860C.00/1–1347

The Ambassador in Poland (Lane) to the Polish Minister for Foreign Affairs (Rzymowski)1

No. 852

Excellency: I have the honor to refer to the Embassy’s notes of August 19 and November 22, 19462 regarding the Polish national elections, to which no reply has yet been received, and pursuant to instructions from my Government to inform Your Excellency, as a signatory of the Yalta and Potsdam agreements, with particular regard to those sections of the two agreements which deal with the establishment of a Government in Poland, through the instrumentality of free and unfettered elections, of my Government’s continued concern over the pre-election activities of the Polish Provisional Government of National Unity. My Government is especially perturbed by the increasingly frequent reports of repressive measures which the Polish Provisional Government has seen fit to employ against those democratic elements in Poland which have not aligned themselves with the “bloc” parties.

It is a source of regret to my Government that its previous efforts to call the attention of the Polish Provisional Government to its failure to perform its obligations under the agreement cited have not resulted in any change in the course which that Government has pursued in connection with pre-election political activities. According to informal information reaching my Government from various authoritative sources, these repressive activities on the part of the Provisional Government have now increased in intensity to the point where, if they do not cease immediately, there is little likelihood that elections can be held in accordance with the terms of the Potsdam agreement which call for free and unfettered elections “on the basis of universal suffrage and secret ballot in which all democratic and anti-Nazi parties shall have the right to take part and put forward candidates”.

It is the view of my Government that this matter involves the sanctity of international agreements, a principle upon which depends the establishment and maintentance of peace and the reign of justice [Page 406] under law. The obligations with respect to the Polish elections which my Government assumed at Yalta and reiterated at Postdam, together with the Soviet and British Governments, and the obligations subsequently assumed by the Polish Government and frequently reiterated, provide for the conduct of free and unfettered elections of the type and in the manner described above. The fact that the subject matter of these agreements relate to elections in Poland is incidental. The essential fact is that they constitute an international agreement under which all four nations concerned have assumed obligations. I need hardly say that my Government is interested only in seeing that the Polish people have the opportunity to participate in a free and unfettered election and that my Government does not regard the results of such an election as being a proper concern of anyone other than the Polish people themselves.

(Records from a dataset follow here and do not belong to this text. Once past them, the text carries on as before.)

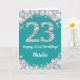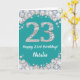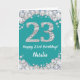 Happy 23rd Birthday Teal Turquoise Aqua and Silver Glitter Card with personalized name. For further customization, please click the "Customize it" button and use our design tool to modify this template.
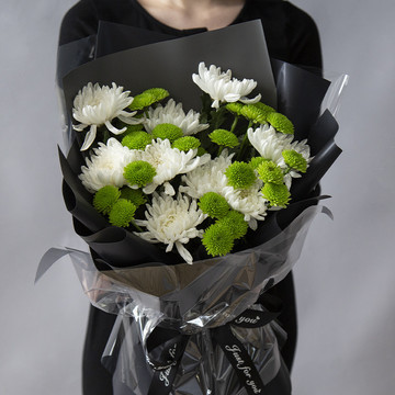 9枝白菊搭配绿色小菊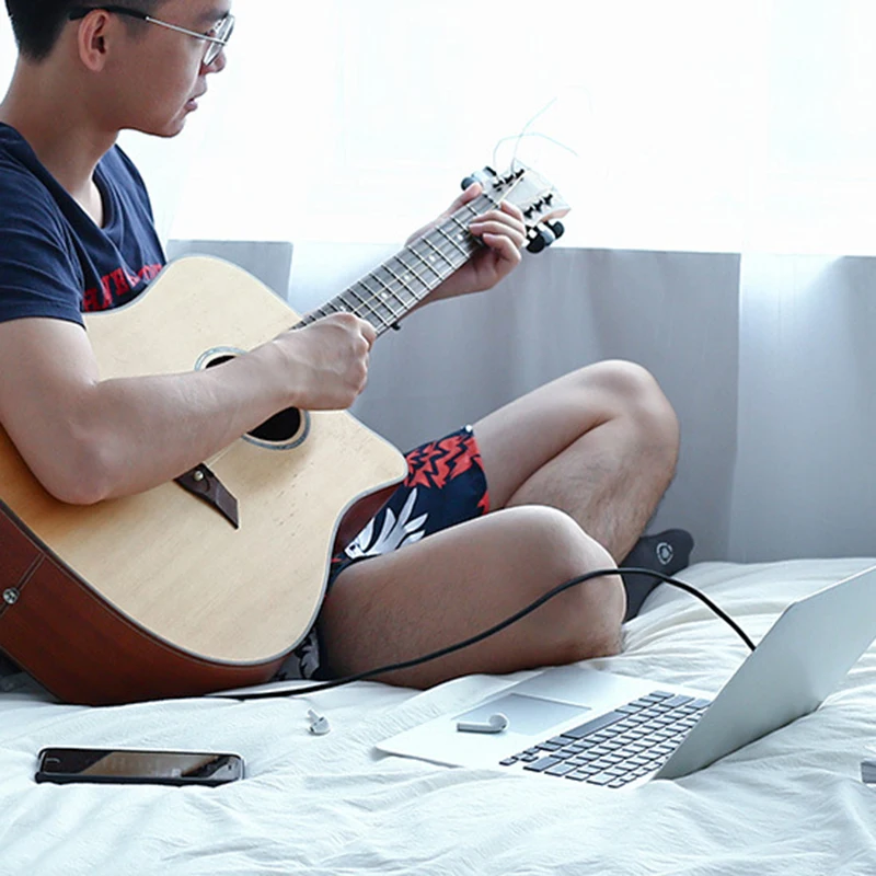 Двойной аудио кабель: мобильный телефон, компьютер, аудио можно использовать. Компьютер подключен к аудио, гитара подключена к компьютеру, мобильный телефон подключен к аудио.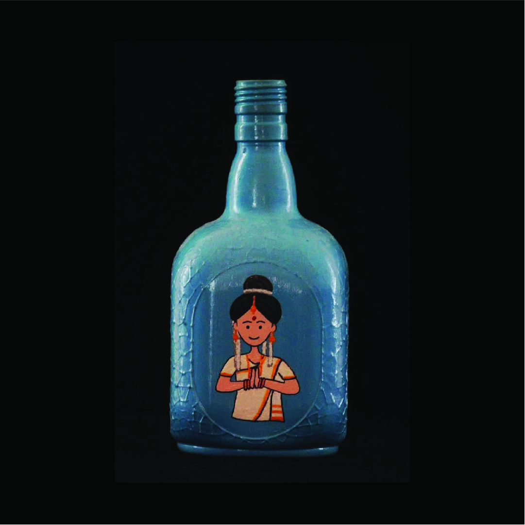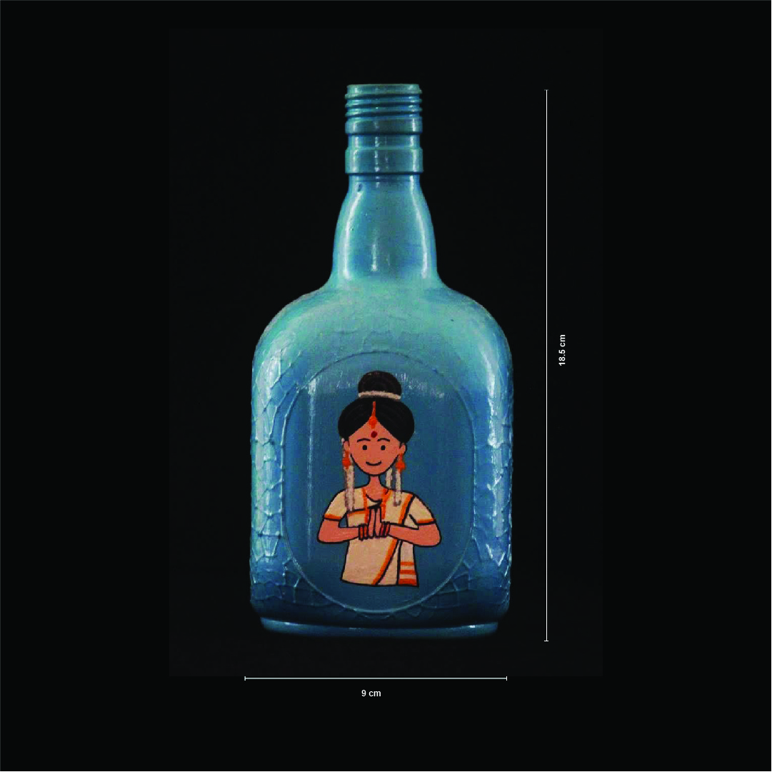 This glass bottle beautifully showcases the traditional "Namaskar" gesture, capturing the essence of Indian culture with vibrant colors and intricate designs. A perfect blend of spirituality and art for your home or office.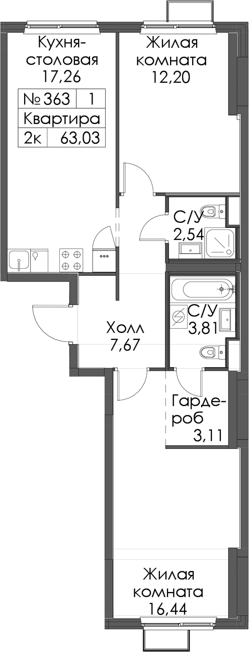 Двухкомнатная квартира на 16-ом этаже 63,03 кв.м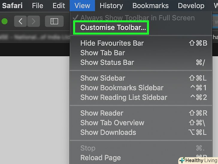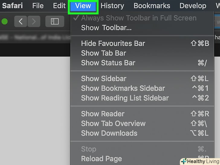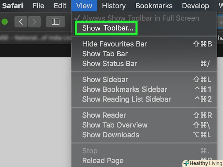 - Якщо Safari вже запущений і знаходиться в повноекранному режимі, наведіть вказівник миші на верхню частину екрану, а потім натисніть на відобразився зелене коло у верхньому лівому кутку екрану.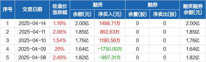 新余国科融资融券信息显示,2025年4月14日融资净买入1488.71万元;融资余额2亿元,较前一日增加8.04%。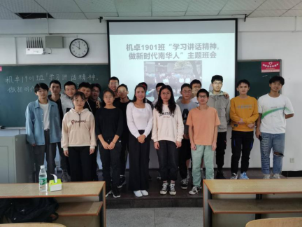 为深入学习习近平总书记在湖南考察重要讲话精神,深入推进“共建美丽南华”活动,倡导校园文明风尚,培养德智体美劳全面发展的时代新人,机卓1901班于10月27日上午9点在一教308举行了“学习讲话精神,做新时代南华人”主题班会。参加本次班会的有辅导员邓丽老师以及机卓1901班全体学生。
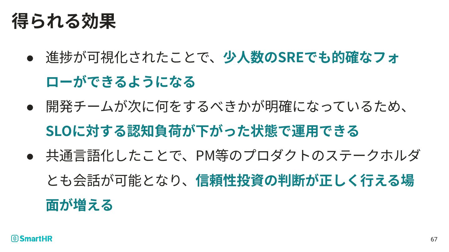 • 進捗が可視化されたことで、少⼈数のSREでも的確なフォ ローができるようになる • 開発チームが次に何をするべきかが明確になっているため、 SLOに対する認知負荷が下がった状態で運⽤できる • 共通⾔語化したことで、PM等のプロダクトのステークホルダ とも会話が可能となり、信頼性投資の判断が正しく⾏える場 ⾯が増える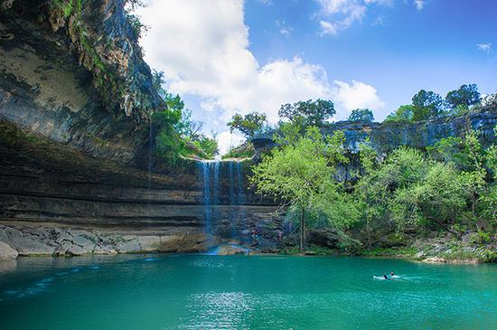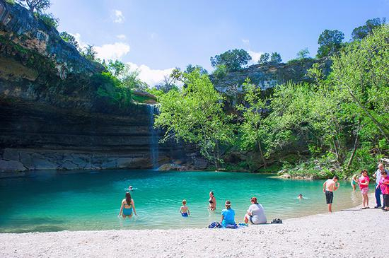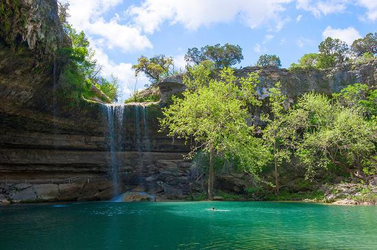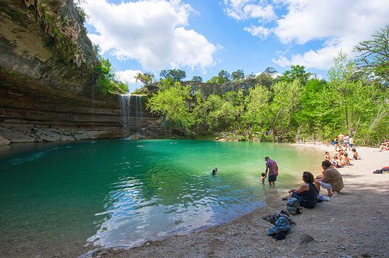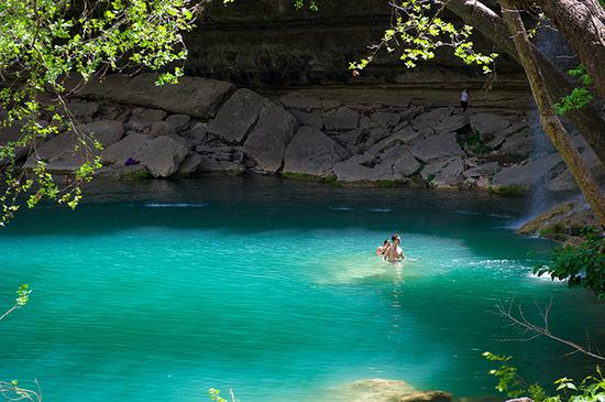 美国德克萨斯州的汉密尔顿池(Hamilton Pool)是世界上最美丽、最奇特的湖泊之一,也是一个天然的、巨大的游泳池。数千年前,地下河的圆顶被侵蚀导致大规模的坍塌,形成了这一人间仙境。翡翠色的湖水清澈透明,不但可以在水中畅游,旁边悬崖峭壁上还有一个高达15米的雄伟瀑布做衬,一派水月洞天的景象。大自然的鬼斧神工创造了这一神奇的景象,夏季来到这个世界上最美的天然泳池游泳泡澡,绝对是一次浪漫之旅,观赏之余还能顺道消暑。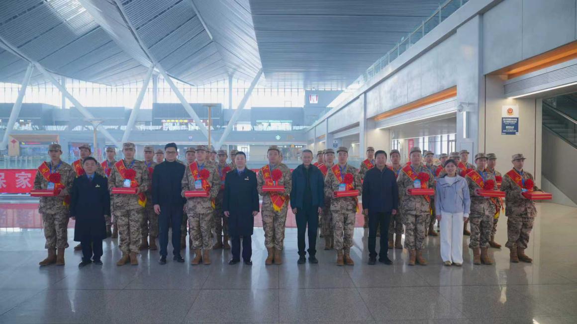 專屬候車區裏,35名朝陽籍新兵整裝待發,列隊整齊、精神抖擻。新兵們獲得了朝陽區雙擁辦精心準備的擁軍紀念禮盒——紅色的水杯和筆記本上印有“愛國奉獻、參軍光榮”的字樣,寓意“飲水思源、書寫榮光”。大家合影留念,新兵們身姿挺拔、士氣高昂,用熱烈的掌聲和響亮的口號回應這份來自家鄉的深情厚誼。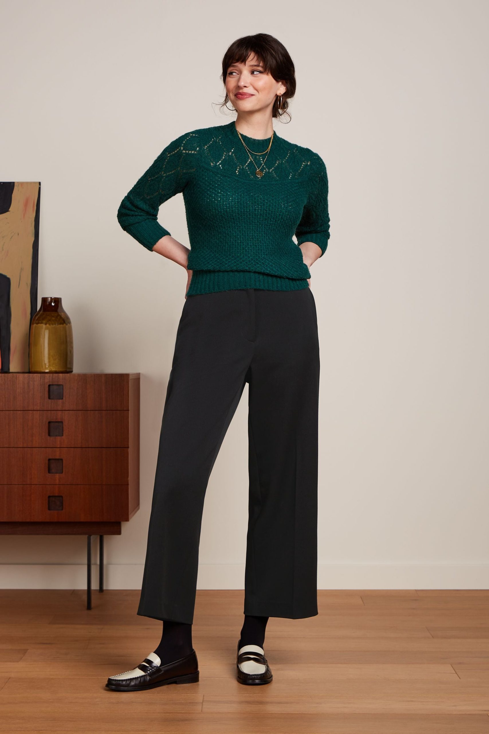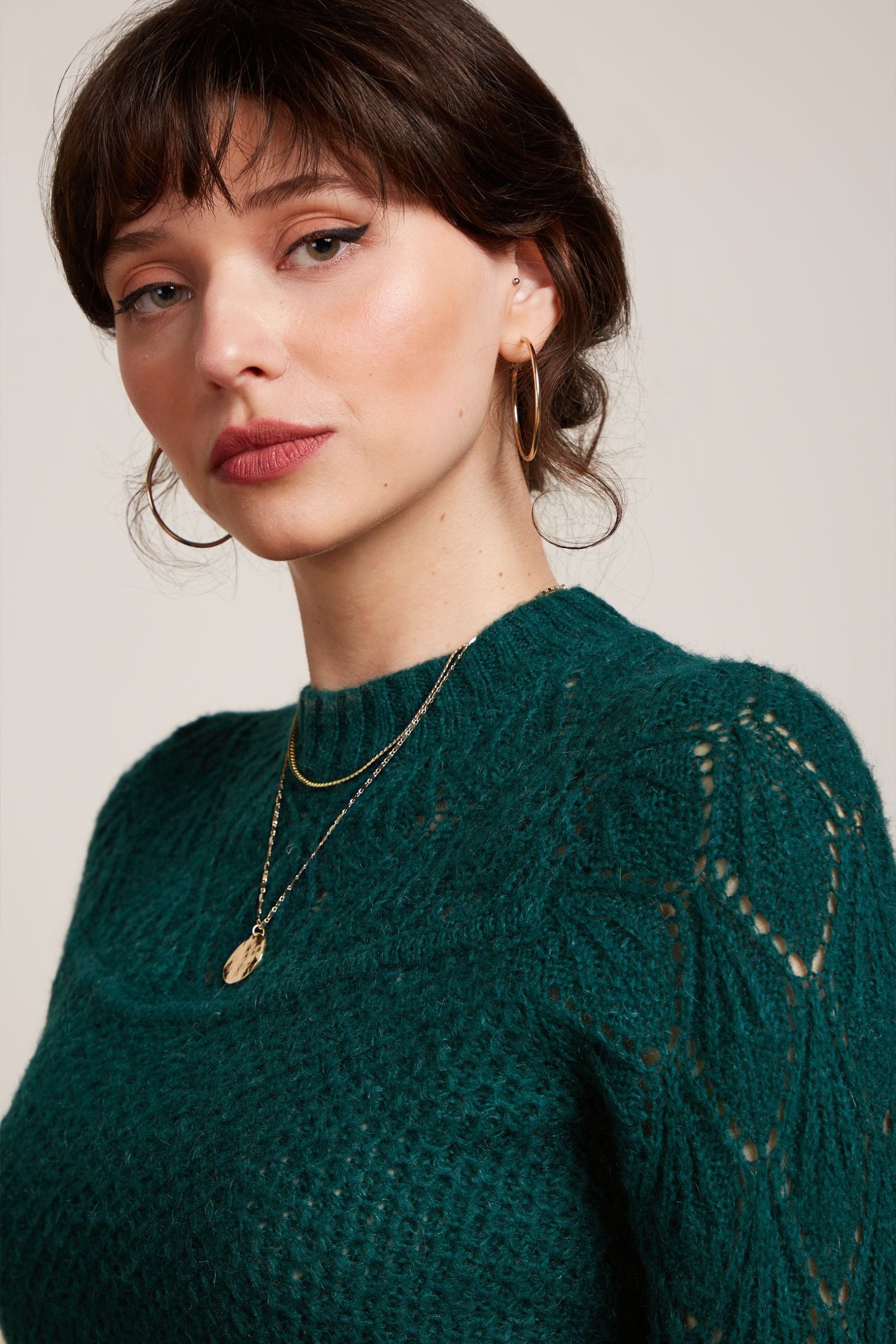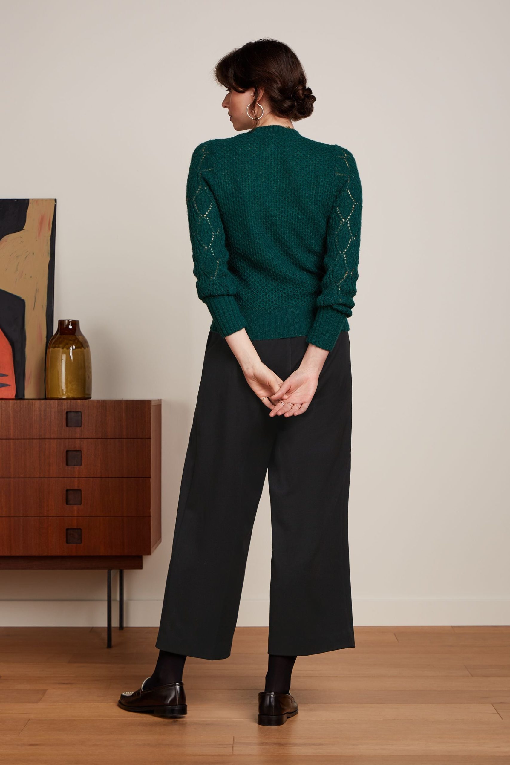 - Open-knit yoke and sleeves

My Government would be failing in its duty if it did not again point out that the continuation of the present policy of suppression, coercion, and intimidation as applied to political opposition in Poland constitutes a violation of the letter as well as the spirit of the Yalta and Potsdam agreements.

I avail myself [etc.]

Arthur Bliss Lane
  1. The source text was transmitted to the Department as an enclosure to despatch 1047, January 10, from Warsaw, not printed (860C.00/1–1347).

    On January 14, the British Embassy in Warsaw delivered a strong note to the Polish Government responding to an earlier Polish note containing allegations against the British Government and reminding the Polish Government of its obligations under the Yalta and Potsdam Agreements in connection with the forthcoming elections in Poland.

  2. For text of note of August 19, 1946, see Department of State Bulletin, September 1, 1946, p. 422. For text of note of November 22, 1946, see telegram 1095, to Warsaw, Foreign Relations, 1946, vol. vi, p. 517.